On other occasions, they may use various rules of thumb: buying what their friends do, or buying products on offer or buying trusted brands. These rules of thumb can lead to estimates that are reasonably close to the utility people will actually get and can save on time and effort. However, they sometimes lead to systematic and predictable misjudgements about the likelihood of certain events occurring.
In traditional models of consumer choice, individuals aim to maximise their utility when choosing between goods, or bundles of goods. The context in which the choices are offered is not considered.

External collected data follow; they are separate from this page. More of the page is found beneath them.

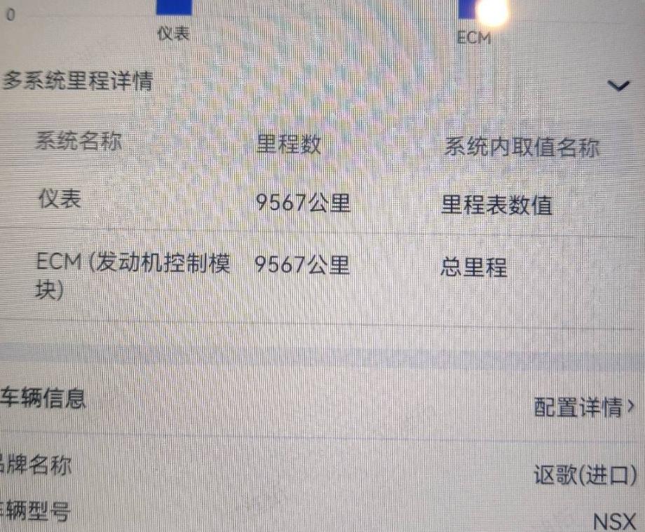 读取车辆的公里数数据,没有异常情况,和表显的9千多公里对得上,结合内饰的磨损来看,可以排除调表嫌疑。
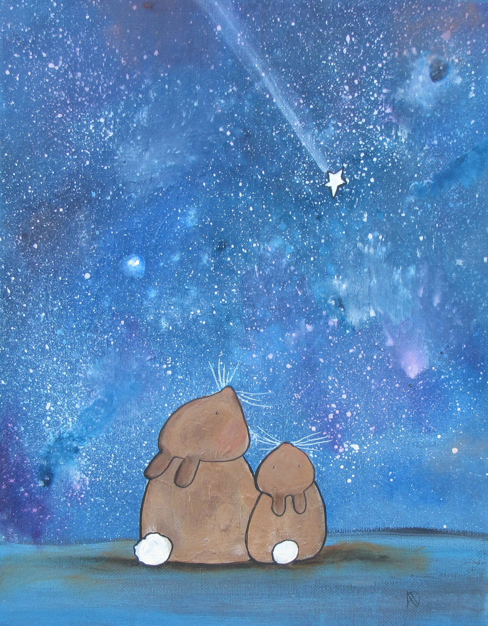 Working primarily with acrylic paint on canvas, Andrea attempts to capture the essence of a storybook. The characters she creates in her work are simple, but full of expression and adventure. Every piece has a story to go with it, like it's the page ripped from a book. Andrea Doss discovered that there were stories hiding in her paintbrush, and has been bringing them to life with her art ever since. In college, she studied English and Art, and decided to spend her life doing what she loves: creating storybook art for children.
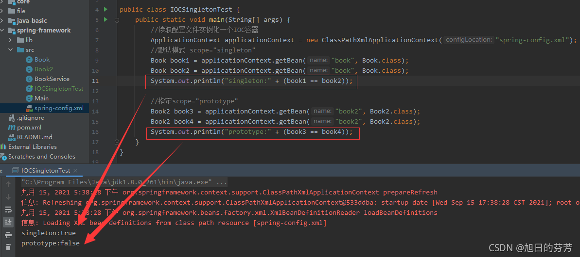 相当于指定了Book2的作用域为每次获取都创建新的Bean对象,测试代码如下:
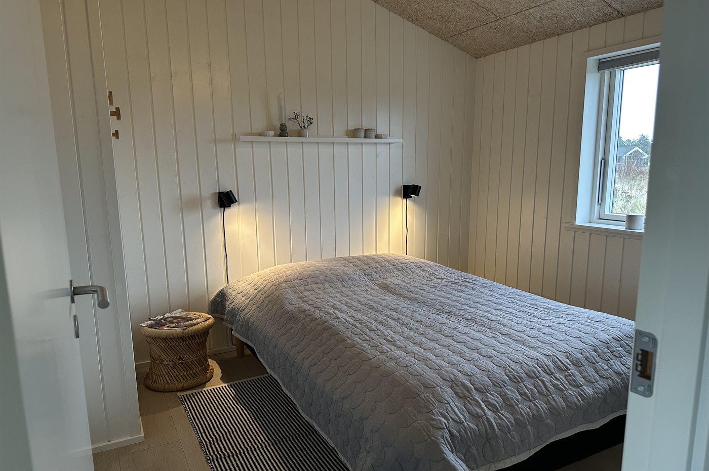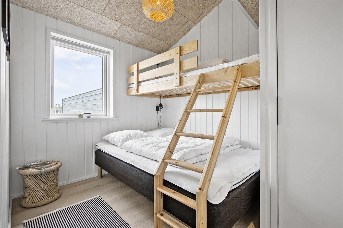 Der er i alt 3 soveværelser. Sovepladserne fordeler sig på: 6 sovepladser i dobbeltsenge.1 soveplads i køjeseng. Derudover er der 1 stk. barneseng.
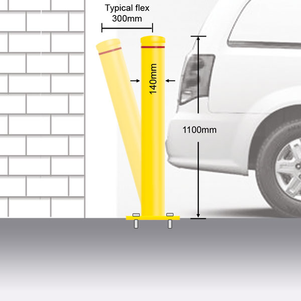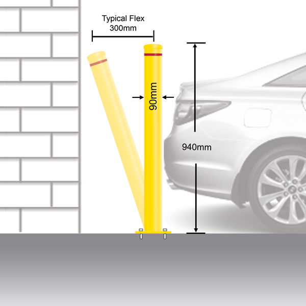 - Bollard absorbs the force of the collision and minimises damage to the bollard
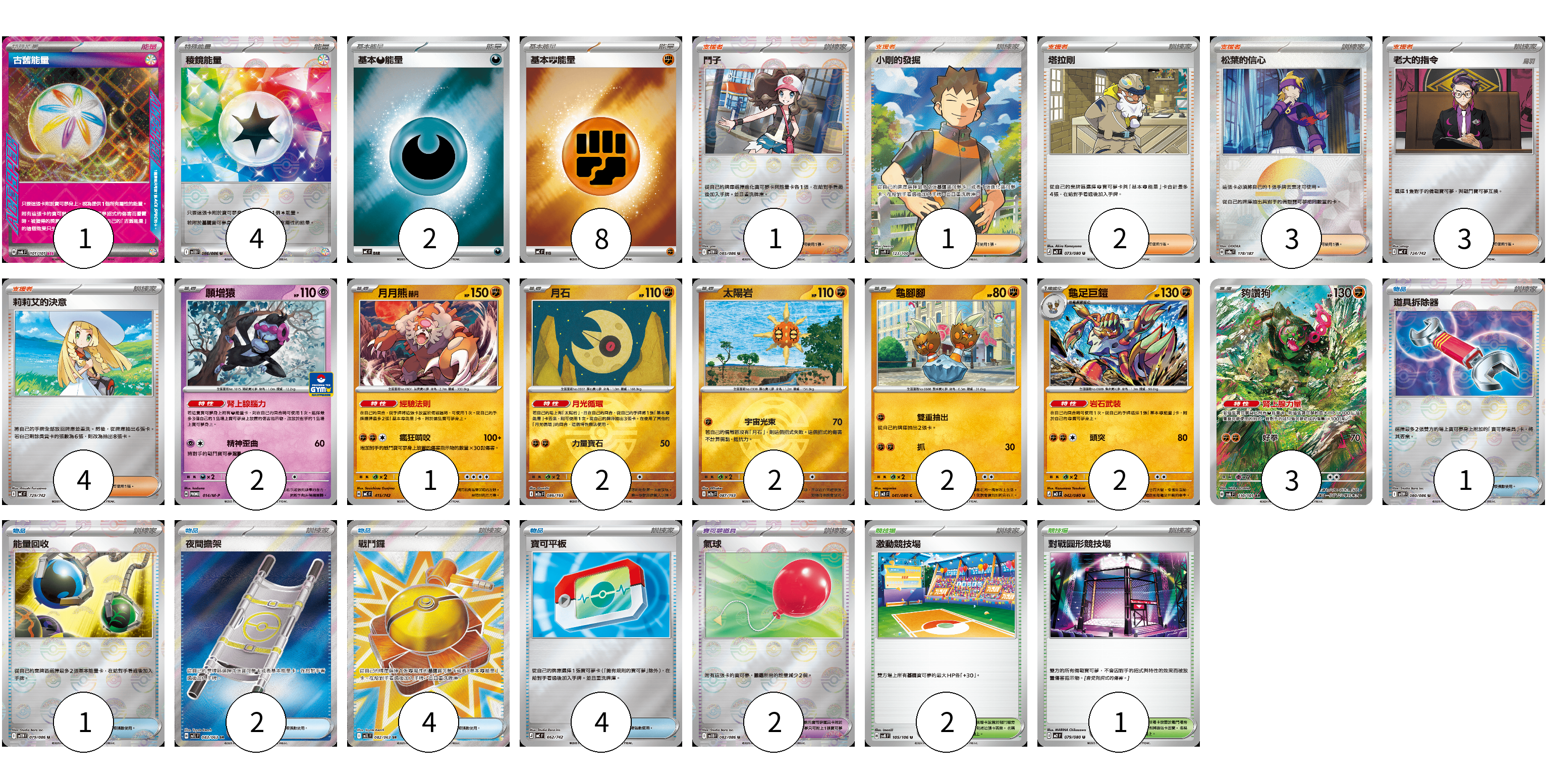 牌組構築方案 以此牌組為基礎新構築牌組 顯示卡面 顯示列表 寶可夢卡(14) 2 1 2 2 2 2 3 寶可夢道具(2) 2 物品卡(12) 1 1 2 4 4 支援者卡(14) 1 1 2 3 3 4 競技場卡(3) 2 1 能量卡(15) 1 4 2 8 寶可夢卡(14) 卡牌名稱 張數 卡牌名稱 張數 願增猿 M-P 014/M-P 02 月月熊 赫月 MC 415/742 01 月石 M2a 086/193 02 太陽岩 M2a 087/193 02 龜腳腳 M3 041/080 02 龜足巨鎧 M3 042/080 02 夠讚狗 SV6 110/101 03 寶可夢道具(2) 卡牌名稱 張數 卡牌名稱 張數 氣球 SV11B 082/086 02 物品卡(12) 卡牌名稱 張數 卡牌名稱 張數 道具拆除器 SV11W 080/086 01 能量回收 SV11W 079/086 01 夜間擔架 M1L 083/063 02 戰鬥鑼 M1L 082/063 04 寶可平板 MC 662/742 04 支援者卡(14) 卡牌名稱 張數 卡牌名稱 張數 鬥子 SV11W 085/086 01 小剛的發掘 SV9 123/100 01 塔拉剛 M3 073/080 02 松葉的信心 SV8a 178/187 03 老大的指令 MC 724/742 03 莉莉艾的決意 MC 729/742 04 競技場卡(3) 卡牌名稱 張數 卡牌名稱 張數 激動競技場 SV8 105/106 02 對戰圓形競技場 M2 079/080 01 能量卡(15) 卡牌名稱 張數 卡牌名稱 張數 古舊能量 SV6 101/101 01 稜鏡能量 SV11B 086/086 04 基本【惡】能量 MC DAR 02 基本【鬥】能量 MC FIG 08 以此牌組為基礎新構築牌組 牌組編碼 rVFAZK-yIIFjf-oBViEB copy 列印牌組單 牌組編碼已複製 分享至SNS

Yet, in real life, we see that context is important; people will often make different choices when they are presented, or framed, in different ways. For example, people will buy more of a good when it is flagged up as a special offer than they would if there is no mention of an offer, even though the price is the same.
The recognition that framing is important to choices has led to the development of nudge theory. Indeed, it underpins many marketing techniques. These seek to persuade people to make a particular choice by framing it in an optimistic way or presenting it in a way that makes it easy to decide.
Governments too use nudge theory. In the UK, the Coalition government (2010–15) established the Behavioural Insights Team (BIT) (also unofficially known as the Nudge Unit) in the Cabinet Office in 2010. A major objective of this team is to use ideas from behavioural economics to design policies that enable people to make better choices for themselves.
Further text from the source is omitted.